Before printing, remove every picture; then print the lines below exactly, from the first line through the line containing "A lenticular cloud".

◆ Given data ◆
[Start of section]
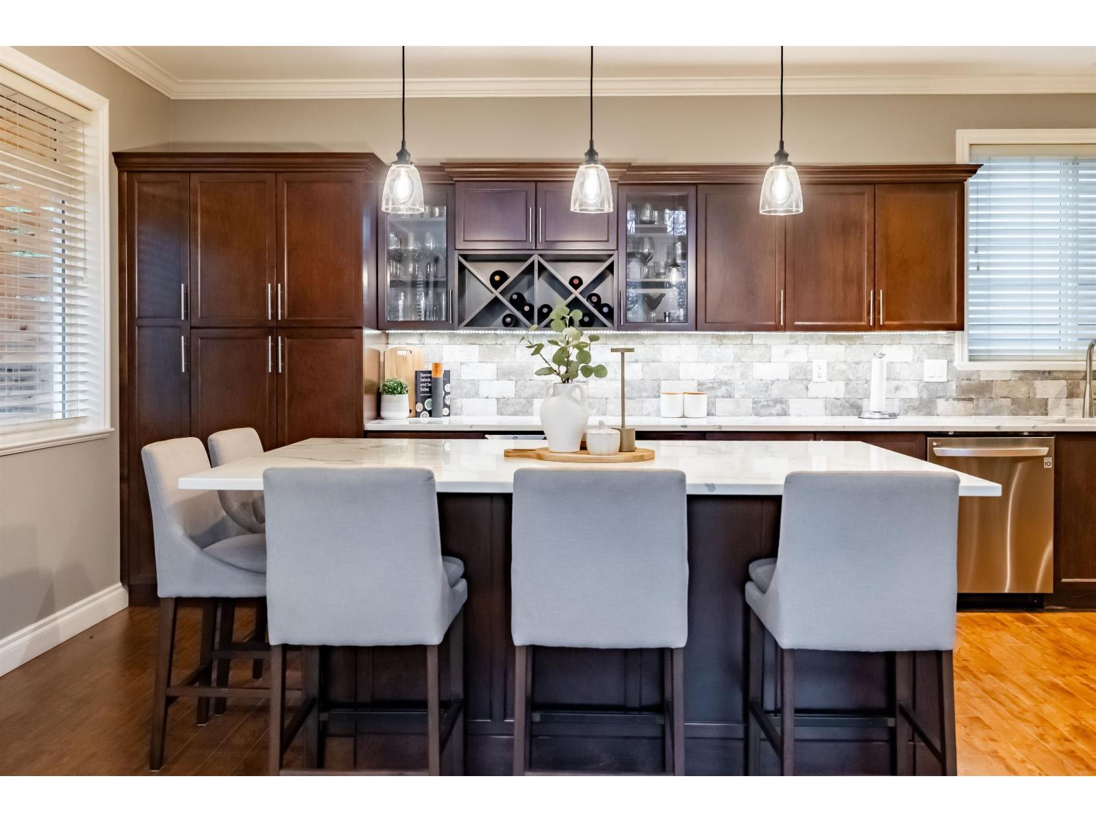 On a bright corner lot in Cedar Valley, this fully renovated 5-bedroom, 3-bath home blends thoughtful updates with farmhouse-inspired touches. Step onto the front veranda and imagine morning coffee or evening chats with friends. Inside, a new kitchen with quartz counters and a large island flows into the family room with a gas fireplace, while a main-floor bedroom and separate living room offer flexible space. Upstairs, four bedrooms include a primary with a 4-piece ensuite and walk-in closet. Outside, a fenced backyard with a custom covered patio and a heated garage complete a home designed for real life. (id:58403)
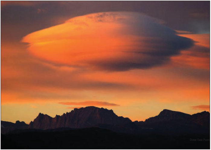 A lenticular cloud hangs over the Wind River Mountains last week. Dry, seasonable weather is forecast for the next seven days. See The Archives for past articles. Copyright © 2002-2008 Sublette Examiner All rights reserved. Reproduction by any means must have permission of the Publisher. Sublette Examiner, PO Box 1539, Pinedale, WY 82941 Phone 307-367-3203 examiner@wyoming.com |
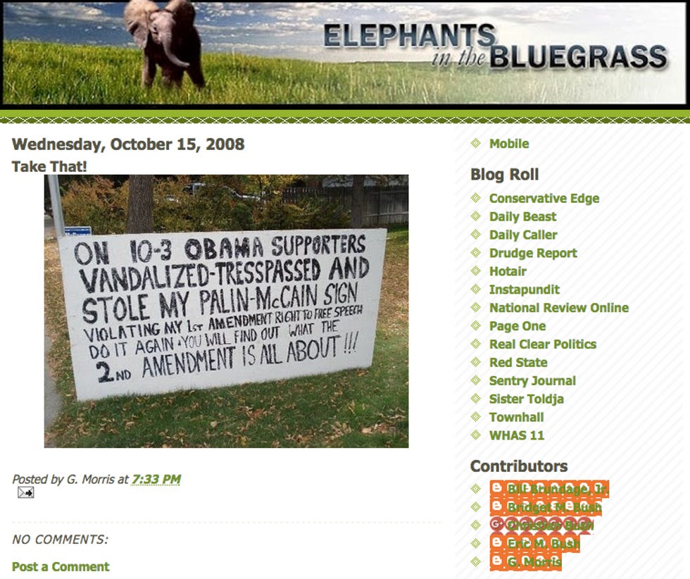 We don't blame Bush for his wife Bridget's batshit crazy blog Elephants in the Bluegrass.Yes, a woman who graduated from Harvard law actually typed this sentence on Monday: "That means Paul -- a sitting U.S. Senator -- was spyed [sic] upon by the executive branch probably by the NSA." But whatever. The issue is that John Bush also typed a whole bunch of crazy sentences of his own under the pseudonym "G. Morris."
[End of section]
◆ Solved exercise ◆
 On a bright corner lot in Cedar Valley, this fully renovated 5-bedroom, 3-bath home blends thoughtful updates with farmhouse-inspired touches. Step onto the front veranda and imagine morning coffee or evening chats with friends. Inside, a new kitchen with quartz counters and a large island flows into the family room with a gas fireplace, while a main-floor bedroom and separate living room offer flexible space. Upstairs, four bedrooms include a primary with a 4-piece ensuite and walk-in closet. Outside, a fenced backyard with a custom covered patio and a heated garage complete a home designed for real life. (id:58403)
 A lenticular cloud hangs over the Wind River Mountains last week. Dry, seasonable weather is forecast for the next seven days. See The Archives for past articles. Copyright © 2002-2008 Sublette Examiner All rights reserved. Reproduction by any means must have permission of the Publisher. Sublette Examiner, PO Box 1539, Pinedale, WY 82941 Phone 307-367-3203 examiner@wyoming.com |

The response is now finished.